‘Türkiye’nin tahıl ambarı’ olarak bilinen Konya Ovası’nda yer altı su seviyesi 50 metre derinliklere kadar geriledi.
Konya Teknik Üniversitesi Jeoloji Mühendisliği Bölüm Başkanı ve Obruk Uygulama ve Araştırma Merkezi Müdürü Prof. Dr. Fetullah Arık, Konya Havzası’ndaki yer altı su seviyesinin bu yıl kentin bazı bölgelerinde 15-20 metre kadar gerilediğini ve geçmiş yıllarla birlikte gerileme seviyesinin 50 metre derinliklerine kadar ulaştığını belirtti.

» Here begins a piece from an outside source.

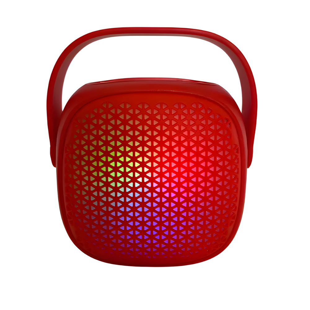 Este parlante portátil cuenta con una estructura compacta y elegante, ideal para quienes buscan un equipo fácil de transportar sin perder calidad de sonido. Su conectividad Bluetooth permite disfrutar de música inalámbrica desde dispositivos móviles, y su batería recargable garantiza horas de uso continuas. El diseño incluye luces LED, que se iluminan de manera dinámica, creando un ambiente visual que complementa la música.

40 bin 083 kilometrekare yüz ölçüme sahip Konya’da 1 milyon 859 bin hektarlık tarım alanının 609 bin hektarında sulu tarım yapılıyor. Türkiye’nin toplam tarımsal üretiminin yaklaşık yüzde 10’unu karşılayan kapalı bir havza yapısına sahip Konya Ovası’nda yer altı su kaynaklarının azalması devam ediyor. Bilinçsiz sulama nedeniyle yer altı su kaynaklarında seviye, yılda ortalama 2,5- 3 metre geriliyor.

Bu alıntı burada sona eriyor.